Diez notas sobre el movimiento alterglobalizaciónHace unas pocas semanas me vi en el brete de escribir un artículo para La Escuela Moderna. Un ensayito sobre la pasma que se salió de madre y terminó siendo un compendió histórico de la lucha contrarrevolucionaria en los últimos treinta años, ahí es nada. Tuve que contenerme, pero aún así no pude entregar menos de doce paginitas que, debidamente extendidas, hubiesen dado para un opúsculo más que serio. El caso es que, cuando estaba enumerando a los enemigos actuales de la policía, tras abordar a los okupas, en un párrafo que podríamos denominar “de transición”, di con el movimiento alterglobalizador y ahí me encallé. Uno sabe lo que desean los okupas, tienen un lenguaje claro y explícito, abordan problemas inmediatos (la especulación, la falta de vivienda, la conquista de una cotidianeidad diferente) y lo hacen con medios coherentes, proporcionados y efectivos. Supongo que por ello cuentan con la simpatía y la solidaridad de una buena parte de la sociedad. En cuanto a los alterglobalizadores, que debían ser tratados en el siguiente párrafo, me encontré con un problema bien serio. Toda la concreción del movimiento okupa, palabras recias y significantes, se transformó en una evasión de resplandores inasibles, huecos.

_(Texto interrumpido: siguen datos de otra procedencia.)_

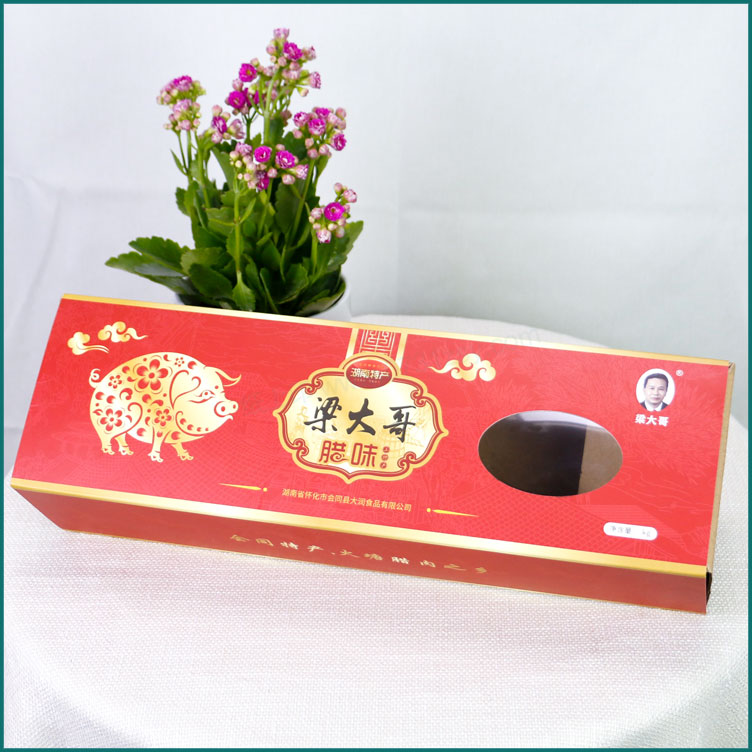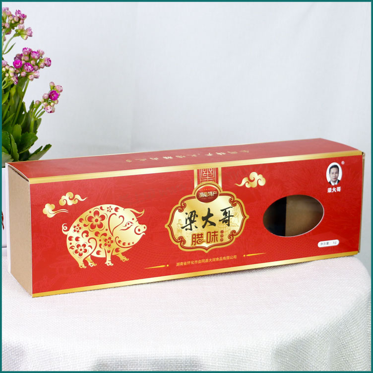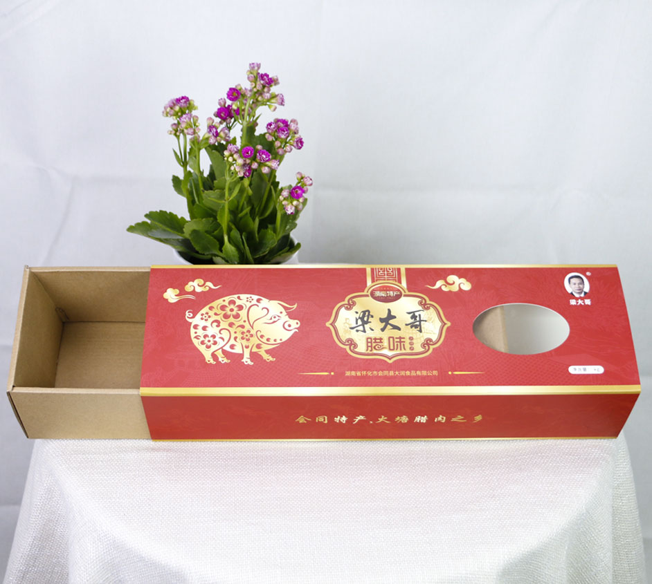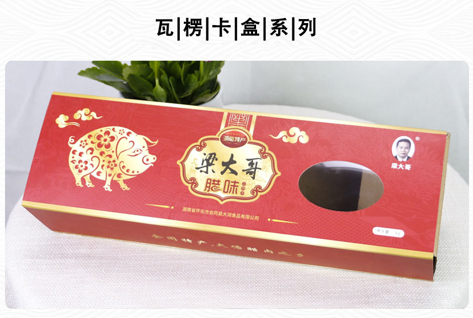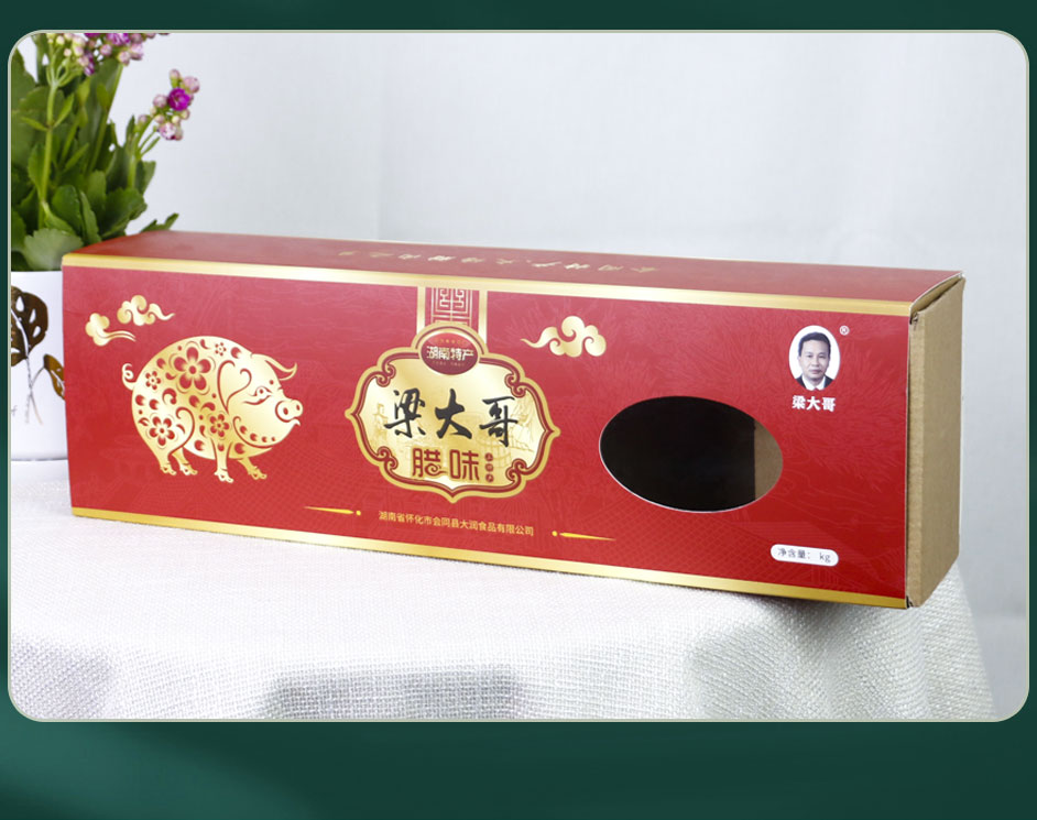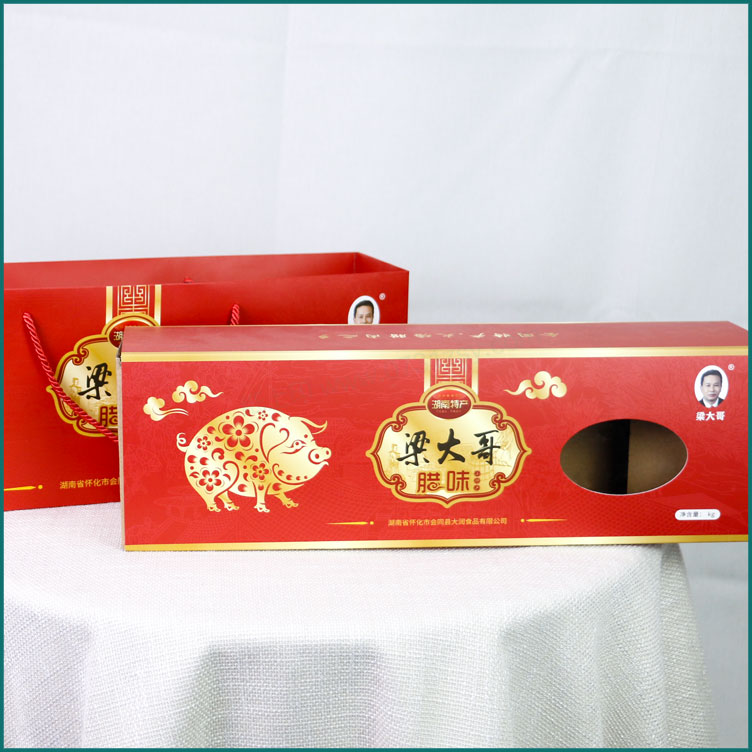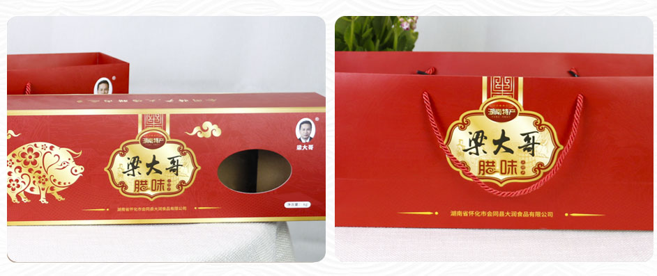 湖南特产“梁大哥”腊味包装礼盒是由长沙包装厂毅丰包装设计制作,该款腊肉包装盒是一款瓦楞卡盒的抽屉盒,礼盒的外盒有一个开窗的工艺,既能对内盒的产品一目了然,也同样美观大方,配同款手提袋携带方便,坚实耐用,此款腊肉包装礼盒一交货就受到了客户的高度好评!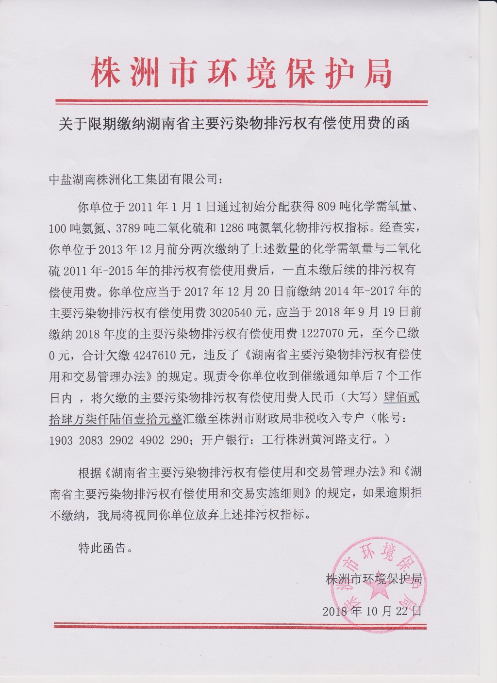 你单位于2011年1月1日通过初始分配获得809吨化学需氧量、100吨氨氮、3789吨二氧化硫和1286吨氮氧化物排污权指标。经查实,你单位于2013年12月前分两次缴纳了上述数量的化学需氧量与二氧化硫2011年-2015年的排污权有偿使用费后,一直未缴后续的排污权有偿使用费。你单位应当于2017年12月20日前缴纳2014年-2017年的主要污染物排污权有偿使用费3020540元,应当于2018年9月19日前缴纳2018年度的主要污染物排污权有偿使用费1227070元,至今已缴0元,合计欠缴4247610元,违反了《湖南省主要污染物排污权有偿使用和交易管理办法》的规定。现责令你单位收到催缴通知单后7个工作日内 ,将欠缴的主要污染物排污权有偿使用费人民币(大写)肆佰贰拾肆万柒仟陆佰壹拾元整汇缴至株洲市财政局非税收入专户(帐号:1903 2083 2902 4902 290;开户银行:工行株洲黄河路支行。)

De inmediato concluí que, si yo no tenía claro todo aquello, sólo cabían dos posibilidades. O bien soy mucho más zote de lo que me considero o los alterglobalizadores no hicieron muy bien los deberes. A pesar de haber compartido algo de tiempo con ellos (y también la calle en muchas protestas) no sabía cómo hablar de aquel movimiento. Quiénes eran, qué querían y cómo podía definirles. Entonces descubrí que mi ignorancia –fingida, falsa- era la guarida de un inmenso recelo. Que estaba emponzoñado de rencor hacia el mentado movimiento. Y ahí vislumbré la posibilidad de esta diatriba. Para evitar embrollarme con un hilo argumentativo, separaré mis argumentos en diez puntos. Ahí van.

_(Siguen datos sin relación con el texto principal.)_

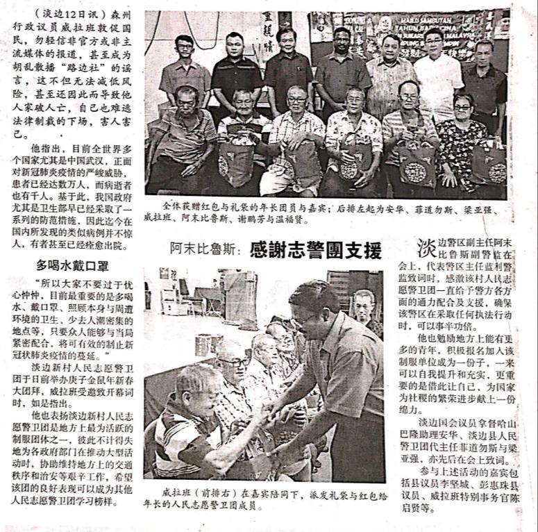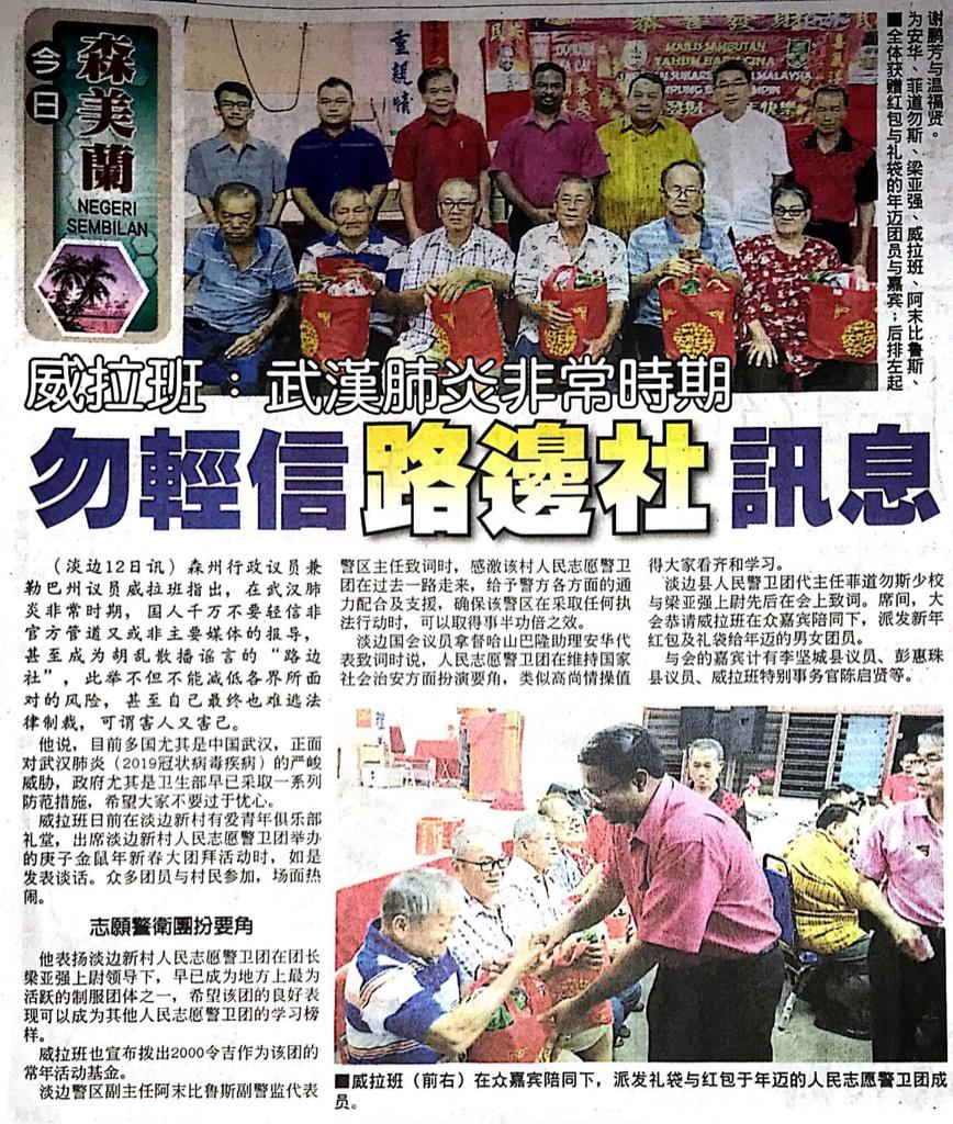 Tajuk :Tampin:YB Tuan Veerapan menghadiri Majlis Sambutan Tahun Baru Cina anjuran Pasukan Pengawal Sukarelawan Rakyat Kampung Baru Tampin.

1. Esa protesta, ese ola inesperada de multitudes contra las instituciones de Bretton Woods, contra la componenda de los Estados Más Poderosos (los Tres, los Seis, los Ocho, los Veinte…) se quedó en una pancarta en blanco, un poco como la campaña de Obama. ¡Cambiaremos el mundo! ¡Sí podemos! ¡Estamos contra ellos!... Claro, amigos, pero ¿no podríamos concretar un poco más? ¿Cambiar el mundo antes de desayunar o después? ¿Y para eso hay que llevar ropa oscura? ¿Puedo llevarme el móvil? ¿Podríamos pasar antes por el videoclub a devolver las pelis?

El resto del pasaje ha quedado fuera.